From the line with "класичний характер десерту." through the line with "This is what", repeat the entries verbatim, both end lines included, and add nothing.

===== DATA UNDER STUDY

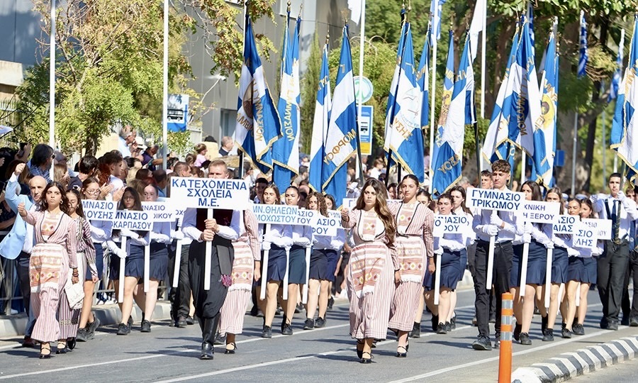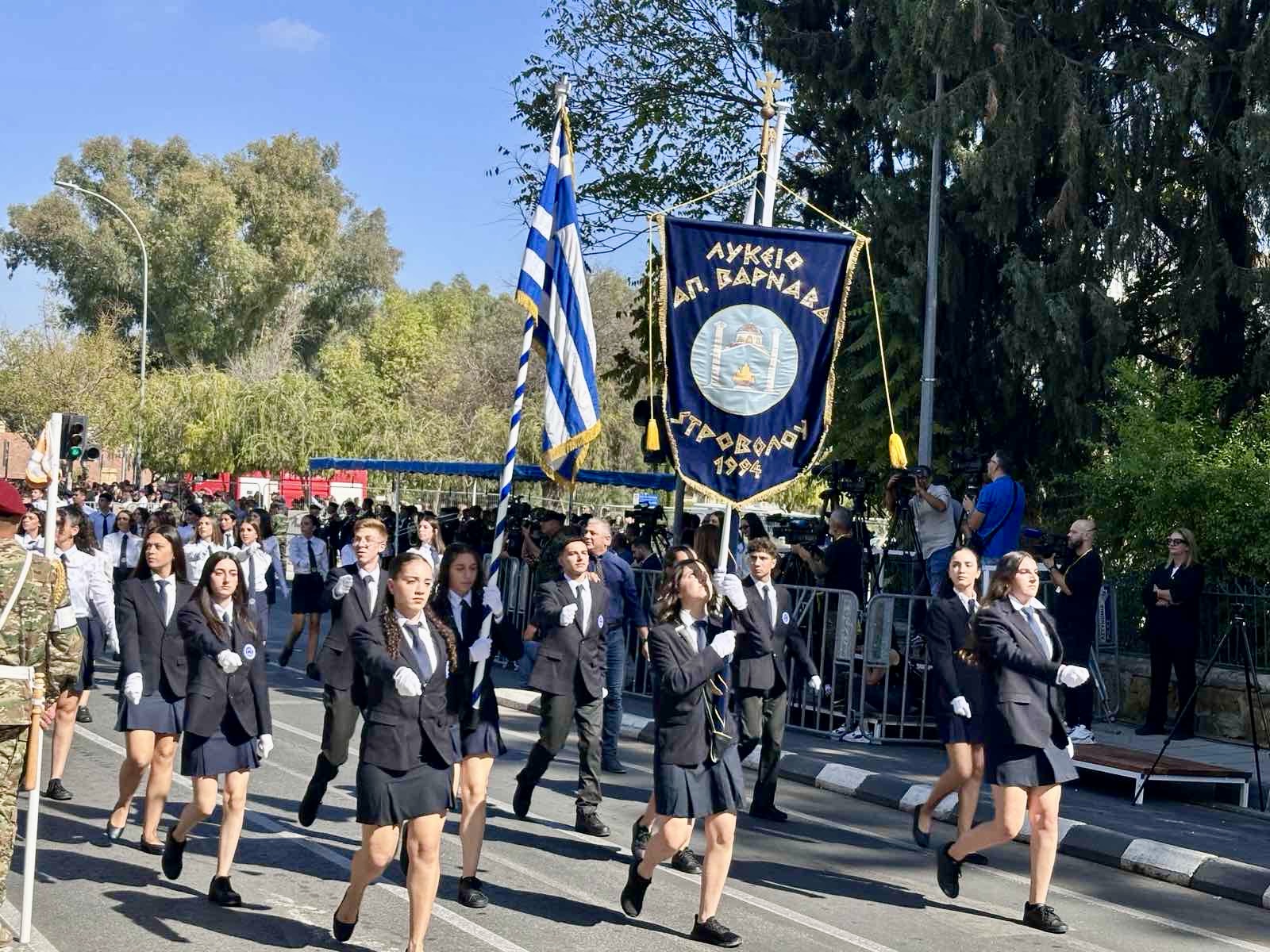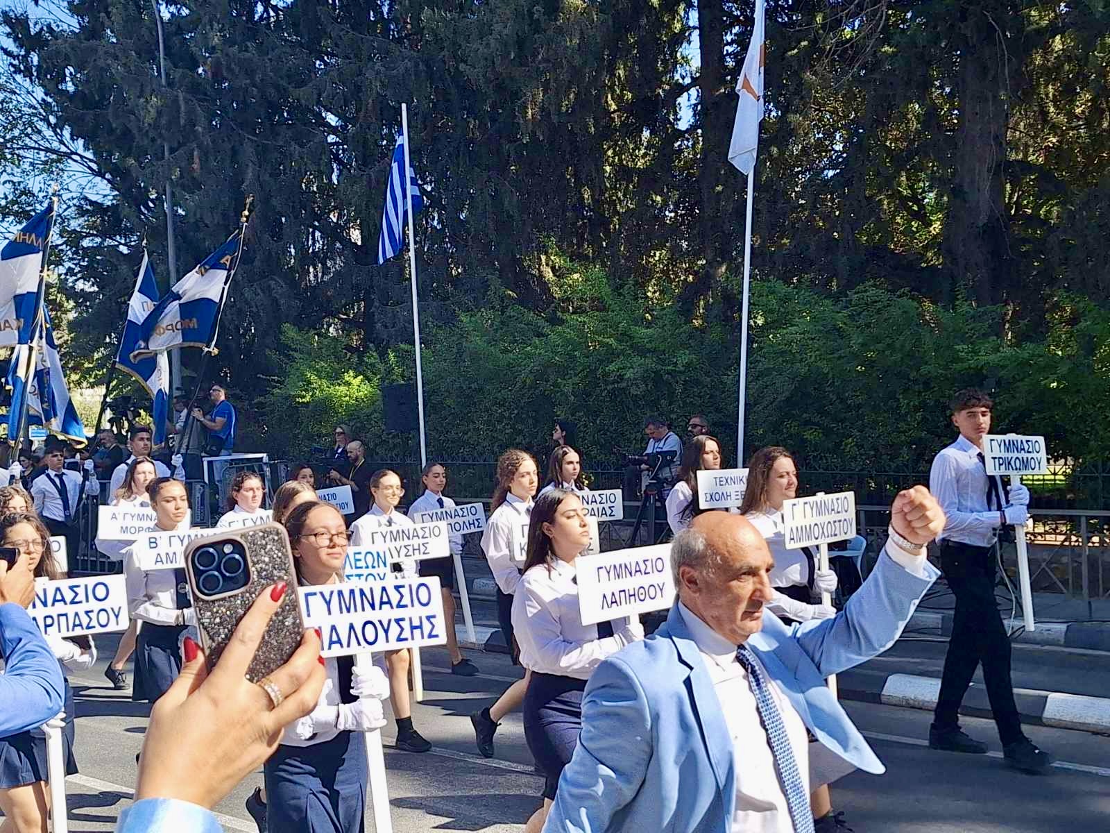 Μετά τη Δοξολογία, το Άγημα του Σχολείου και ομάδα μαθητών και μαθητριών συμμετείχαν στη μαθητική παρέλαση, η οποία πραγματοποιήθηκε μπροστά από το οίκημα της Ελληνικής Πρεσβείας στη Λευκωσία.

==========
===== DATA UNDER STUDY

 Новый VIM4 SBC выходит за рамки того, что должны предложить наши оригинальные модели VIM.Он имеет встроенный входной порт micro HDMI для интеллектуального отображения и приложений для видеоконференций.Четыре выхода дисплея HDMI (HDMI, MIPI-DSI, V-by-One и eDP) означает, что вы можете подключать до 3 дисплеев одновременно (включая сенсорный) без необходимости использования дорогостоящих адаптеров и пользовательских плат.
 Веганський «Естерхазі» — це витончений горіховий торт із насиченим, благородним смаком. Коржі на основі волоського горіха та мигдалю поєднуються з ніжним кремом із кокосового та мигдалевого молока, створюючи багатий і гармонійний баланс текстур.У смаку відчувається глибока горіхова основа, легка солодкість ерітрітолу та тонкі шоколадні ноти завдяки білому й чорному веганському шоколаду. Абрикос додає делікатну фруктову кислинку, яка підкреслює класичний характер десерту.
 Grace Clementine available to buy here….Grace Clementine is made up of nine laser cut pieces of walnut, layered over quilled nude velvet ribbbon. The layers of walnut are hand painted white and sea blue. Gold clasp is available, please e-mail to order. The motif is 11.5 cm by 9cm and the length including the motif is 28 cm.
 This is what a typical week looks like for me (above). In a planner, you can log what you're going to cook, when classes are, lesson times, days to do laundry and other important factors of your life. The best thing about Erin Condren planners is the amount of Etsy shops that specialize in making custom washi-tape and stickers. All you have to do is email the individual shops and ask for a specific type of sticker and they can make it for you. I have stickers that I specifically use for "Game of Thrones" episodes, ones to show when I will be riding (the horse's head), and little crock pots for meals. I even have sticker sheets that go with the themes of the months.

==========

FINISHED TASK:
 Веганський «Естерхазі» — це витончений горіховий торт із насиченим, благородним смаком. Коржі на основі волоського горіха та мигдалю поєднуються з ніжним кремом із кокосового та мигдалевого молока, створюючи багатий і гармонійний баланс текстур.У смаку відчувається глибока горіхова основа, легка солодкість ерітрітолу та тонкі шоколадні ноти завдяки білому й чорному веганському шоколаду. Абрикос додає делікатну фруктову кислинку, яка підкреслює класичний характер десерту.
 Grace Clementine available to buy here….Grace Clementine is made up of nine laser cut pieces of walnut, layered over quilled nude velvet ribbbon. The layers of walnut are hand painted white and sea blue. Gold clasp is available, please e-mail to order. The motif is 11.5 cm by 9cm and the length including the motif is 28 cm.
 This is what a typical week looks like for me (above). In a planner, you can log what you're going to cook, when classes are, lesson times, days to do laundry and other important factors of your life. The best thing about Erin Condren planners is the amount of Etsy shops that specialize in making custom washi-tape and stickers. All you have to do is email the individual shops and ask for a specific type of sticker and they can make it for you. I have stickers that I specifically use for "Game of Thrones" episodes, ones to show when I will be riding (the horse's head), and little crock pots for meals. I even have sticker sheets that go with the themes of the months.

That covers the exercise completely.